Marvin Bagley III

Grandson of Jumpin’ Joe Caldwell (#2 pick, 1964). Father from Durham. Reclassified a year early and shook college basketball. ACC Player of the Year AND Rookie of the Year. Consensus All-American. Drafted #2 behind his own high school teammate. Six teams. Still going. Still rapping.

Fwd/Center6’11”2017–181st Rd, 2nd — Sacramento Kings
1 Duke season • 21.0/11.1 • ACC POY + ROY • Consensus All-American • 2nd pick • 8 NBA seasons • 6 teams
Now: Forward/Center, Dallas Mavericks (traded from Washington, Feb 2026); averaging 13.0/8.9 in first 7 games with Dallas

Marvin Bagley III was born March 14, 1999, in Tempe, Arizona. The bloodline ran deep: his grandfather was Joe Caldwell — “Jumpin’ Joe” — the #2 overall pick in the 1964 NBA Draft and an Olympic basketball player. His father, Marvin Jr., grew up in Durham, North Carolina, played football at North Carolina A&T and professionally for the Arizona Rattlers. In Arizona, Marvin Jr. met Tracy Caldwell — Joe’s daughter — and started a family.

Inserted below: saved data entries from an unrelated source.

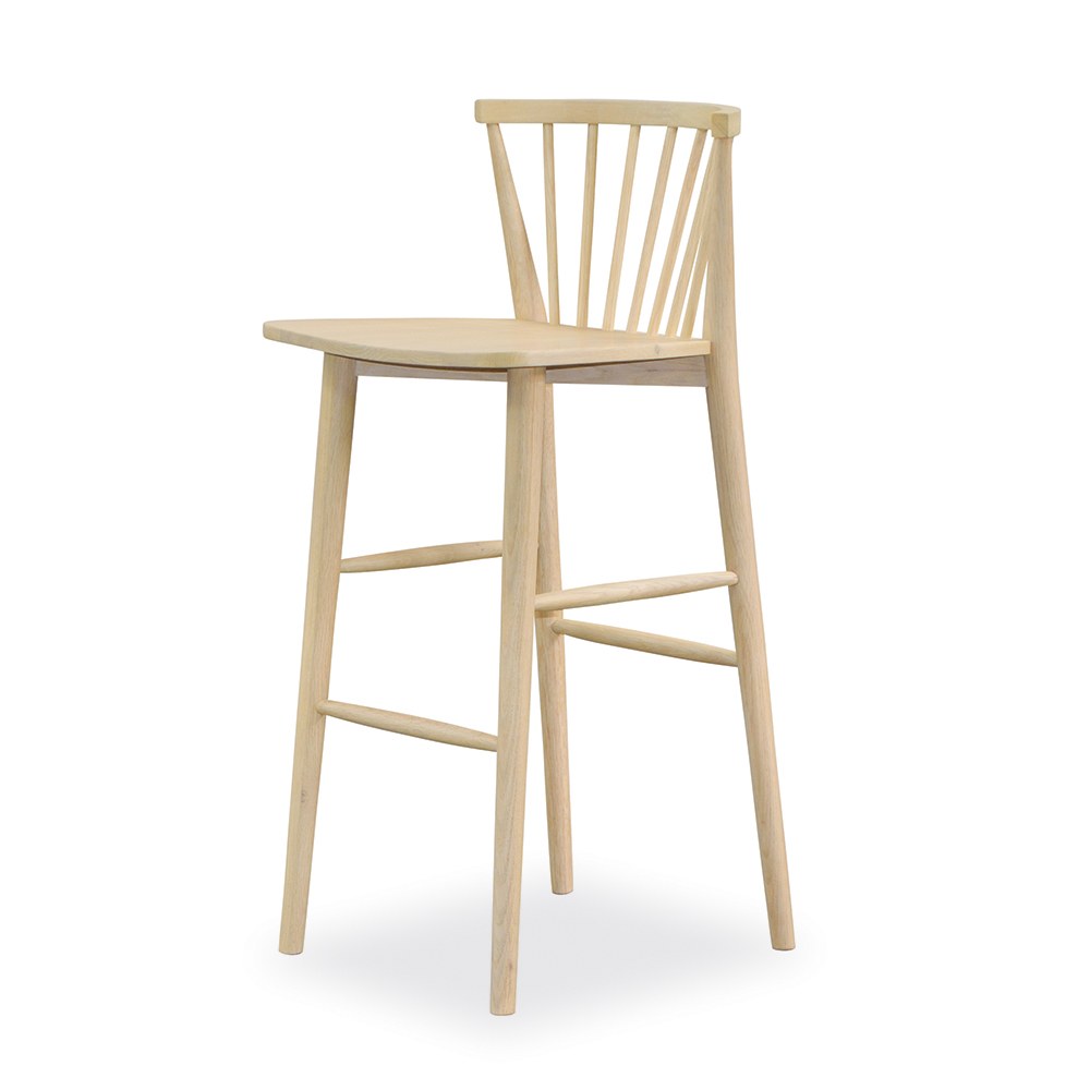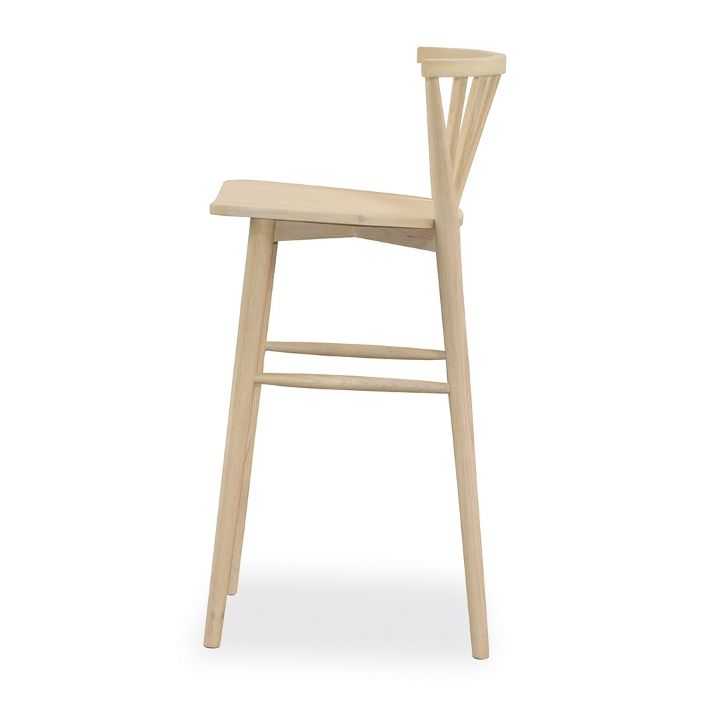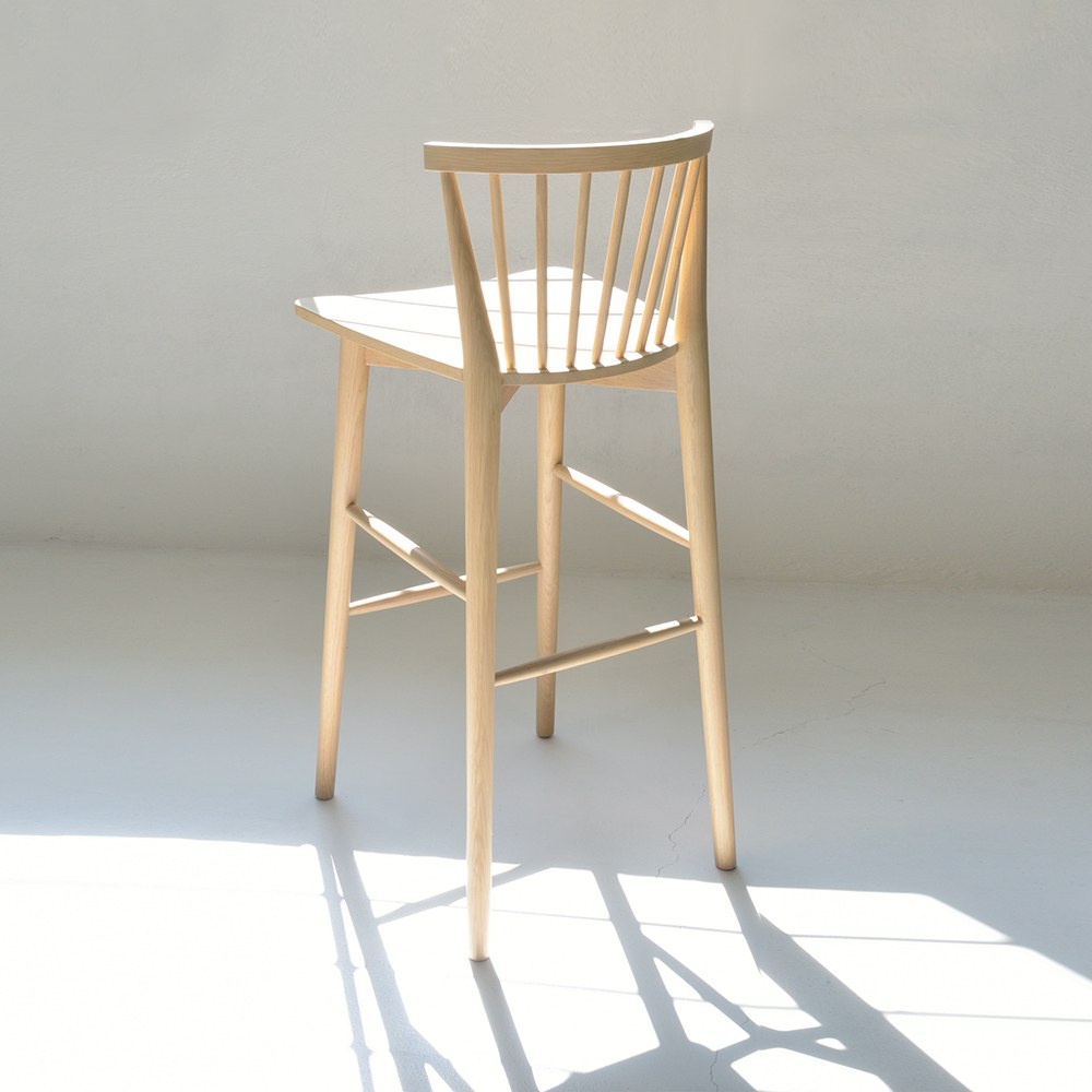 此款北歐簡約高腳款鏤空椅背吧檯椅在椅背處鏤空由圓木細柱組成,拉高了椅腳的比例,適用於桌面較高的吧檯,木質的設計特別適合搭配著手沖咖啡機,在有著舒適陽光的午後靠著椅子品嘗一杯Espresso,椅子搭配上帶有漂浮感的色調,光滑有韻味的漆面隱約倒映著椅背的條紋線條,使整體視覺看起來輕盈有質感,空間也瞬間充滿了清新的呼吸氣息。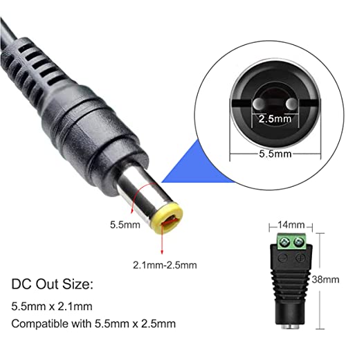 Uscita: DC 24V 2A (48W), interfaccia Specifica: 5,5 mm * 2,1 mm, compatibile con 5,5 mm x 2,5 mm, lunghezza del cavo CA / cavo di uscita: 1,1m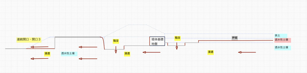 紫の3・4の、盤割を起こしたうえさらに陥没した穴と、青の1から3地下浸透流の通り道、いわゆる「水みち」は、9月13日以前は地下に隠れていてまったく見えず、それ以降は、堤体直下やそれに沿った堤外地に大量の土砂が搬入され積み上げられて隠れてしまったことで、状況がまったくわからないのです。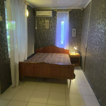 Двухкомнатный 4-местный флигель - пристройка к дому: две смежные комнаты, у каждой отдельный выход в кухню, кухня-столовая со всем необходимым: холодильник, микроволновка, газовая плита, посуда. В комнатах двуспальные кровати, шкафы для одежды, есть кондиционер. В кухне спутниковое ТВ: более 300 каналов.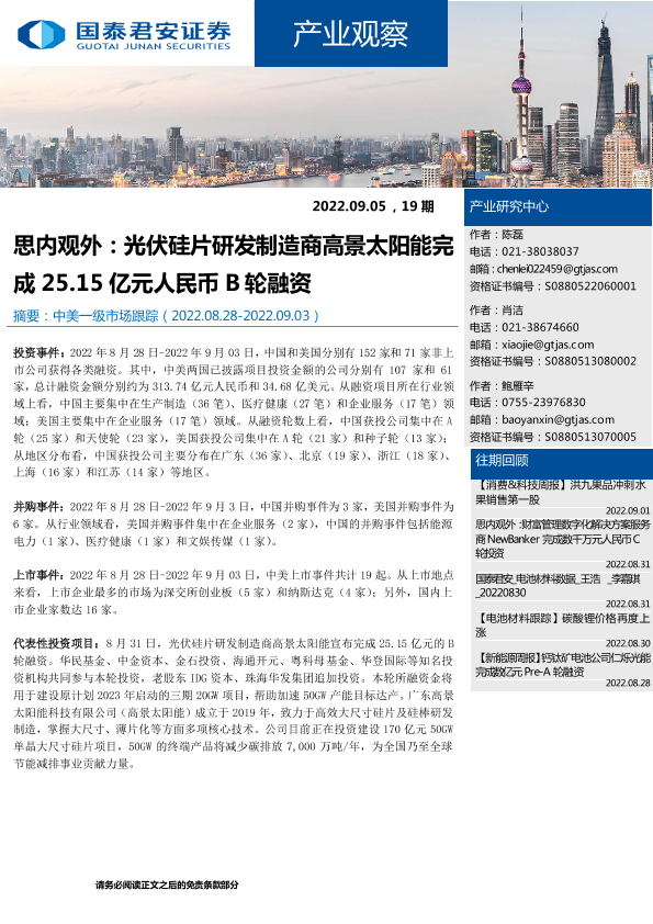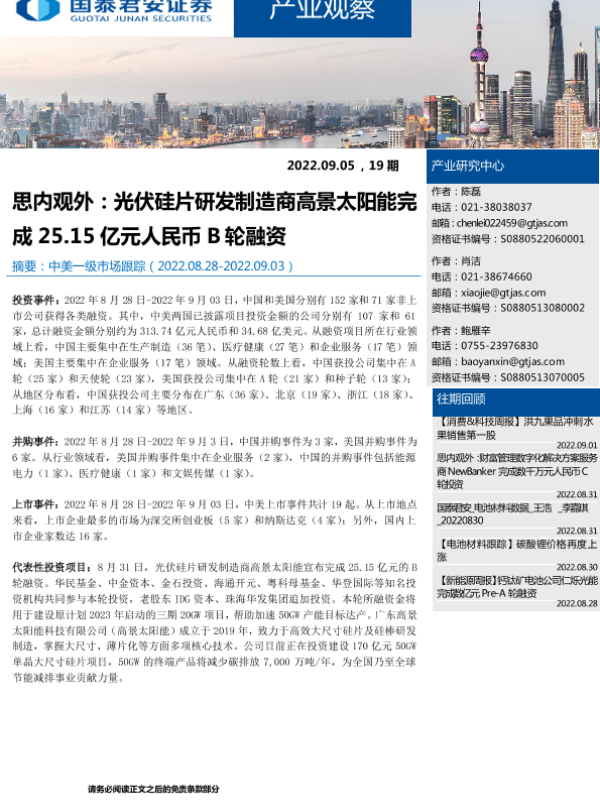 【国泰君安证券】【20220905】产业观察19期:思内观外,光伏硅片研发制造商高景太阳能完成25.15亿元人民币B轮融资-23页

Young Marvin was 6’5 in middle school. He briefly played quarterback until a large boy wearing #99 body-slammed him from behind in a game in the rain. “That was the day I was like, ‘I don’t think football is for me.’”

His high school journey covered three schools and two states. Freshman at Corona del Sol (Tempe): state champion, MaxPreps National Freshman of the Year. Sophomore at Hillcrest Prep (Phoenix): teammates with Deandre Ayton. Then Sierra Canyon (Chatsworth, CA): sat out a year, then averaged 24.9/10.1. California Gatorade POY. Consensus #1 recruit in the Class of 2018.

Then the earthquake: in August 2017, Bagley announced on SportsCenter that he’d reclassified from 2018 to 2017, pulling Danny Ferry’s retired #35 Duke jersey from a bag on live television. “That’s what Coach K preached — the brotherhood.” Vegas odds for Duke winning the title shifted from 7-1 to 3-1 instantly. His father, from Durham: “You just got to go with your heart. And that’s where his heart is, at Duke, in the Bull City.” Duke first offered him a scholarship in ninth grade.